In this case the IP address 192.168.140.21 is a virtual IP that was migrated to another node, when the user tries to use 'juju run' with this unit the following error message is printed:

- MachineId: 0/lxc/1
  ReturnCode: 1
  Stderr: |
  error: unit "unit/0" not found on this machine
  Stdout: ""
  UnitId: unit/0

This is happening because jujud-machine-0 tries to talk to unit/0 via 192.168.140.21, the virtual IP that according to juju's database is the machine 0/lxc/1, but the address is actually configured in another machine (e.g. 1/lxc/1), so when juju detects this mismatch the operation is aborted.

Steps to reproduce:

cat << EOF>cfg.yaml
percona-cluster:
  vip: 192.168.11.5
  min-cluster-size: 3
EOF
juju deploy --config cfg.yaml -n 3 cs:trusty/percona-cluster
juju deploy cs:trusty/hacluster
juju add-relation hacluster percona-cluster

This will make juju record the IP address 192.168.11.5 when it shouldn't

[Workaround]

juju ssh 0 sudo su -
apt-get install mongodb-clients
mongo --ssl -u admin -p $(grep oldpassword /var/lib/juju/agents/machine-0/agent.conf | awk -e '{print $2}') localhost:37017/admin

In mongodb shell

use juju;
db.machines.update({"machineid": "1"}, {$pull: {"machineaddresses": {"value": "192.168.11.5"}}}, {multi: false});

This will remove the ip address 192.168.11.5 from the machine 1, this will be needed when 192.168.11.5 was migrated from machine 1 and the IP is the first element of the array.

Tags: network sts
Felipe Reyes (freyes)
tags: added: sts
Revision history for this message
Anastasia (anastasia-macmood) wrote :

@Felipe Reyes,

Could you please clarify Juju version?

Changed in juju:
status: New → Incomplete
Changed in juju-core:
status: New → Incomplete
Revision history for this message
Felipe Reyes (freyes) wrote : Re: [Bug 1733968] Re: virtual IP addresses should not be registered

On Tue, Dec 05, 2017 at 11:38:54AM -0000, Anastasia wrote:
> Could you please clarify Juju version?

using juju 1.25.13 . We don't consider it critical enough to have it fixed in a 1.25 version though, but the problem should still be there in juju 2.x

Changed in juju:
status: Incomplete → New
Changed in juju-core:
status: Incomplete → New
Revision history for this message
Anastasia (anastasia-macmood) wrote :

Thank you, @freyes \o/
I'll mark it as Won't Fix for juju-core and will keep it on juju.

Changed in juju-core:
status: New → Won't Fix
Revision history for this message
John A Meinel (jameinel) wrote :

I believe you should be able to set --config ignore-machine-addresses=true

Which tells Juju to only pay attention to IP addresses assigned by the underlying provider, and not local-only IP addresses.
That said, if we're on that machine, and it has that IP, and its in the same subnet as the rest of the IP addresses, it is hard for us to distinguish what is vs isn't a valid IP address.
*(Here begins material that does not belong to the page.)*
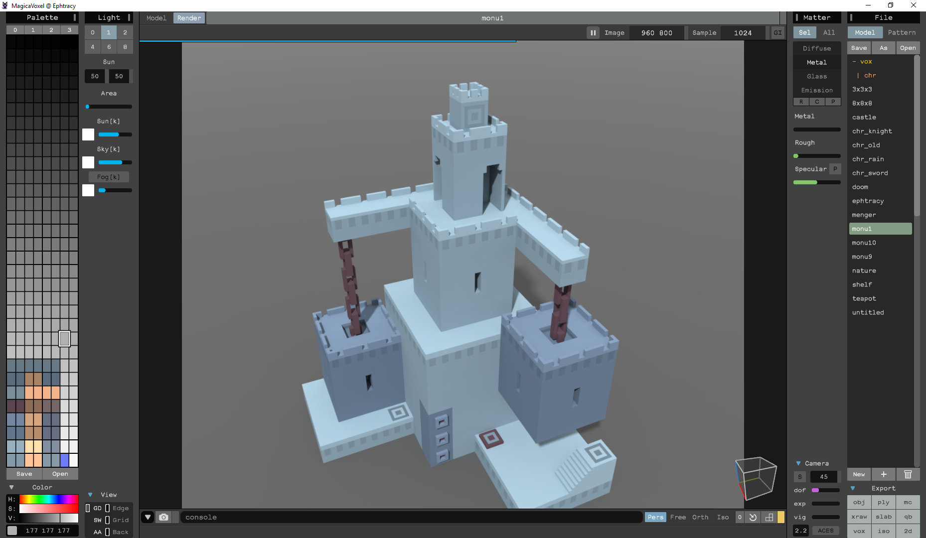 Das Programm ist ein kostenfreier 8-Bit-Voxel-Modeler mit Path-Tracing-Renderer. Und es lädt zum spielen ein, ist recht intuitiv zu bedienen und macht echt Spaß! Ihr könnt die damit erstellen Modelle aber nicht nur mit dem Programm selbst rendern, sondern auch in verschiedenen Formate exportieren und weiterverarbeiten, u.a. als OBJ. Ein kurzer Test eines Exports und anschließenden Imports in Octane Render verlief ohne Probleme:

A different option is that Juju could be told more explicitly about VIP for a given application, and thus know that a given address should be handled differently than the other addresses it sees.

Changed in juju:
importance: Undecided → Medium
status: New → Incomplete
Revision history for this message
Drew Freiberger (afreiberger) wrote :

We just had this affect a percona-cluster environment when the VIP for the cluster was assigned to two hosts at once due to a failure in percona clustering. See also lp:1742811.
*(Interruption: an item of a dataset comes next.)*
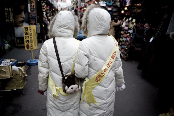 - 설명시장에서 심플한 겨울 외투의 뒷 모습

Revision history for this message
Dmitrii Shcherbakov (dmitriis) wrote :

John,

There are "secondaries" so for VIPs there is a way to filter:

1. Linux kernel has a concept of a "secondary" address. If you do `ip route add x.x.x.x/y dev z` it loops through all addresses on an interface and will check if there's already an address with the same prefix that you are trying to add. If there is, it will mark the newly address as a secondary.

inet_insert_ifa which contains primary/secondary flagging code (IPv4, not sure about IPv6, probably similar)
https://elixir.free-electrons.com/linux/latest/source/net/ipv4/devinet.c#L440

the flag itself
https://elixir.free-electrons.com/linux/latest/source/include/uapi/linux/if_addr.h#L42
#define IFA_F_SECONDARY 0x01

2. iproute2 is aware of secondaries when you do `ip addr show`
https://git.launchpad.net/~usd-import-team/ubuntu/+source/iproute2/tree/ip/ipaddress.c?h=applied/ubuntu/xenial-updates#n1068

3. there's a sysctl to nuke secondaries on removal of a primary - seems to be set to 0 by default which means "to nuke".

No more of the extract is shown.